-- Source data follows --

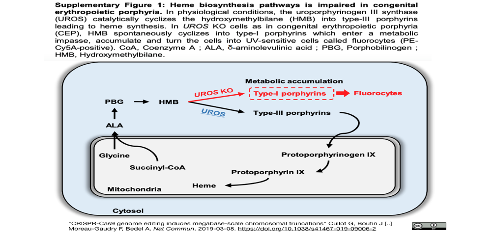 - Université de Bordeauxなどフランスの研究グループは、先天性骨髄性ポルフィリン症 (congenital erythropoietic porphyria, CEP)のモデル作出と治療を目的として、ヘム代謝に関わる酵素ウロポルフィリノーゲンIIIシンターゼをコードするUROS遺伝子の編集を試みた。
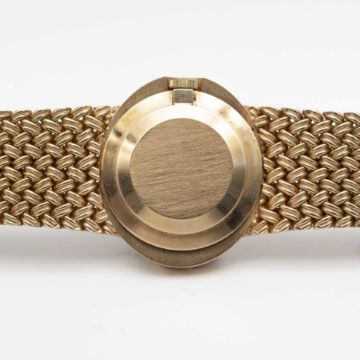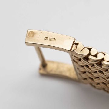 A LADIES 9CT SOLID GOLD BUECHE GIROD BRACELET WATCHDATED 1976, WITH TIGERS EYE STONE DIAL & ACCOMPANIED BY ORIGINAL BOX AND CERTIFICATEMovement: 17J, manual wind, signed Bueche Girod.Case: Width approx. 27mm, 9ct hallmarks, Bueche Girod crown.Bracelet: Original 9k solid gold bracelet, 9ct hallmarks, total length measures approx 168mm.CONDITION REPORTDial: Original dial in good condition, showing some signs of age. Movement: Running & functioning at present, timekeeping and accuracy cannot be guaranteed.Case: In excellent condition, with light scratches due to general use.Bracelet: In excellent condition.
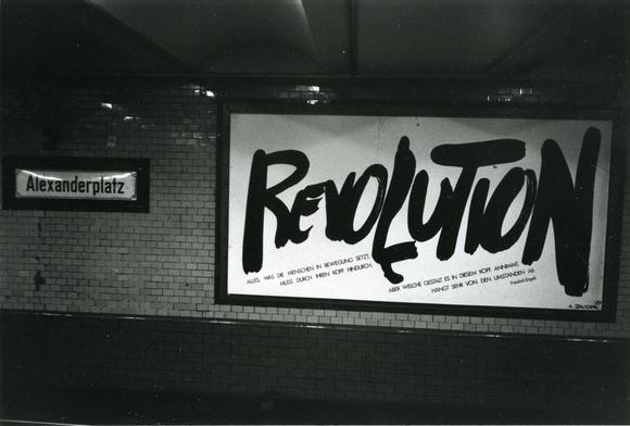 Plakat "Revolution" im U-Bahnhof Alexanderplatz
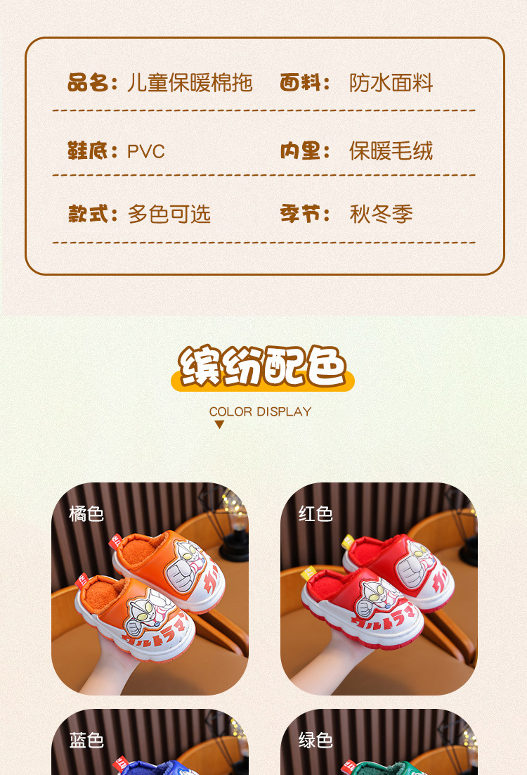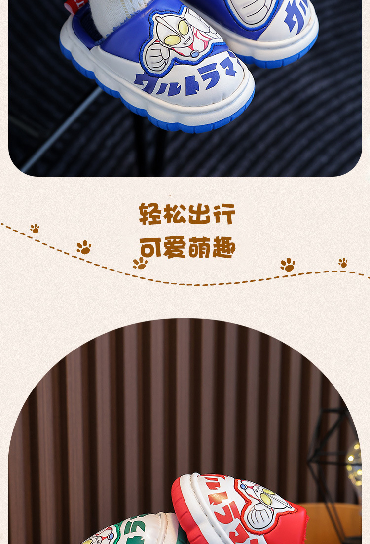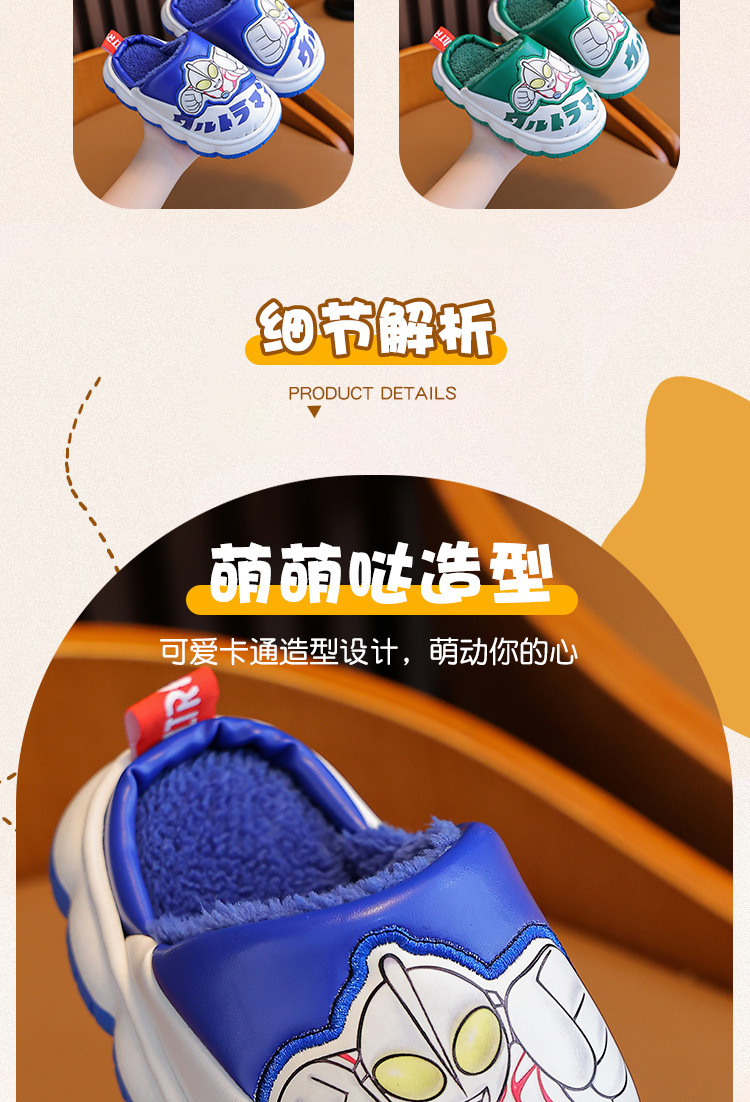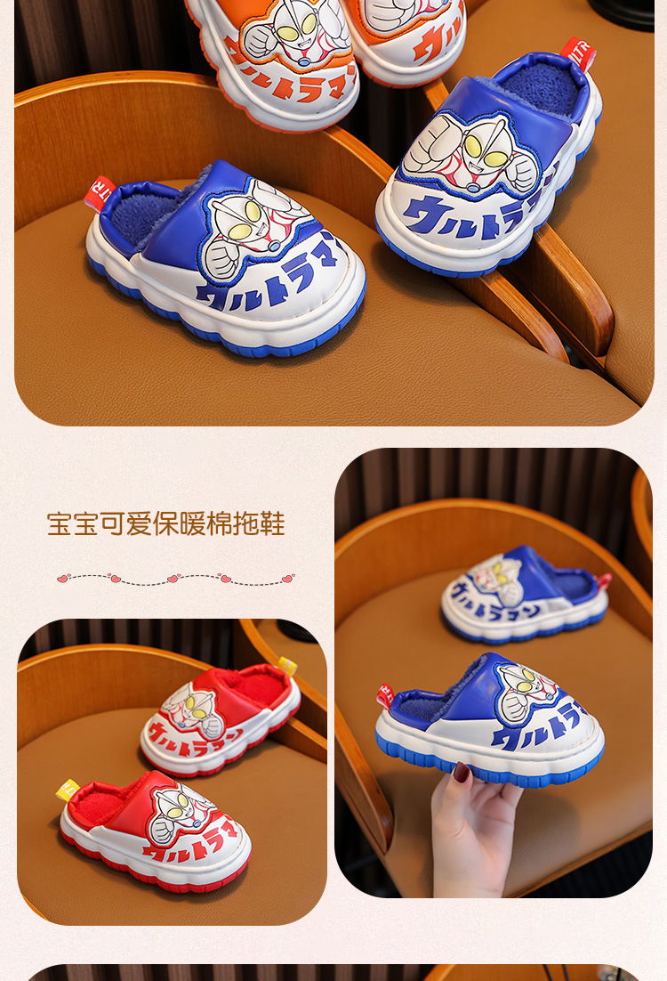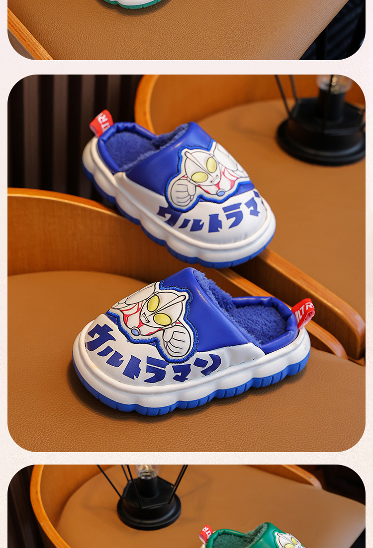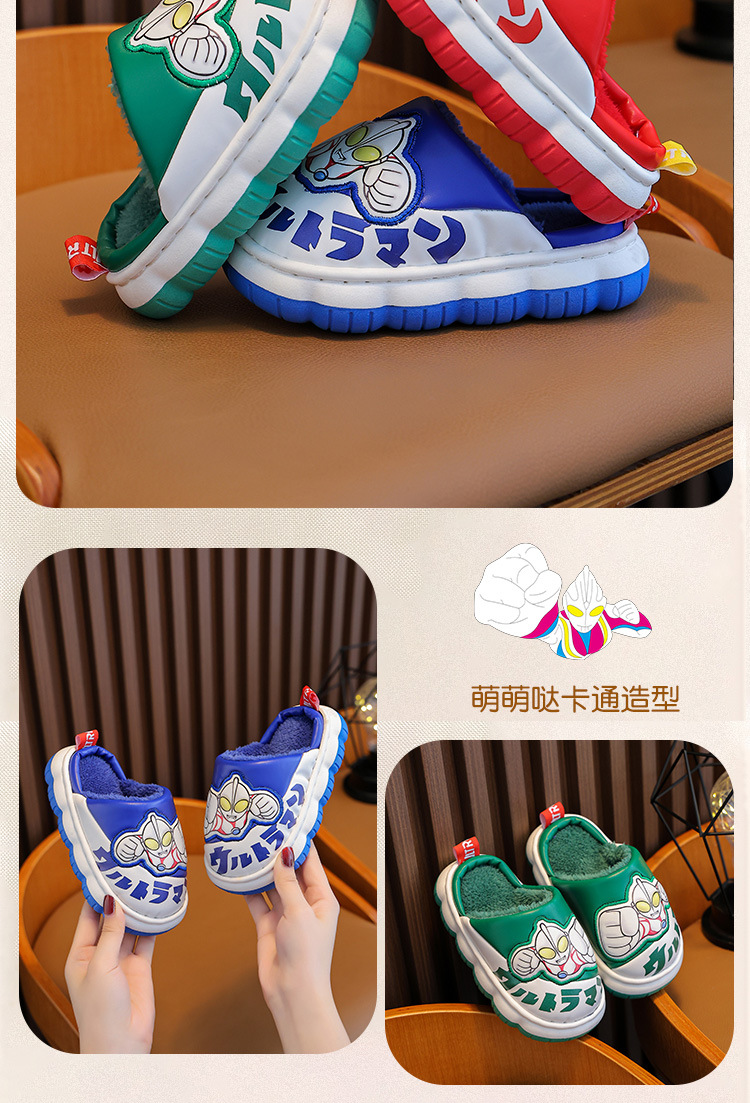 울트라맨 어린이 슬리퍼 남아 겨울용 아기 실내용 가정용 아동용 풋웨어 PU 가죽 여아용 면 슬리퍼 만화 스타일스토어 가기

-- Source data concluded --

Description of the task:
The answer must be the listing above, restated word for word, with no images in it.

Task output:
 - Université de Bordeauxなどフランスの研究グループは、先天性骨髄性ポルフィリン症 (congenital erythropoietic porphyria, CEP)のモデル作出と治療を目的として、ヘム代謝に関わる酵素ウロポルフィリノーゲンIIIシンターゼをコードするUROS遺伝子の編集を試みた。
 A LADIES 9CT SOLID GOLD BUECHE GIROD BRACELET WATCHDATED 1976, WITH TIGERS EYE STONE DIAL & ACCOMPANIED BY ORIGINAL BOX AND CERTIFICATEMovement: 17J, manual wind, signed Bueche Girod.Case: Width approx. 27mm, 9ct hallmarks, Bueche Girod crown.Bracelet: Original 9k solid gold bracelet, 9ct hallmarks, total length measures approx 168mm.CONDITION REPORTDial: Original dial in good condition, showing some signs of age. Movement: Running & functioning at present, timekeeping and accuracy cannot be guaranteed.Case: In excellent condition, with light scratches due to general use.Bracelet: In excellent condition.
 Plakat "Revolution" im U-Bahnhof Alexanderplatz
 울트라맨 어린이 슬리퍼 남아 겨울용 아기 실내용 가정용 아동용 풋웨어 PU 가죽 여아용 면 슬리퍼 만화 스타일스토어 가기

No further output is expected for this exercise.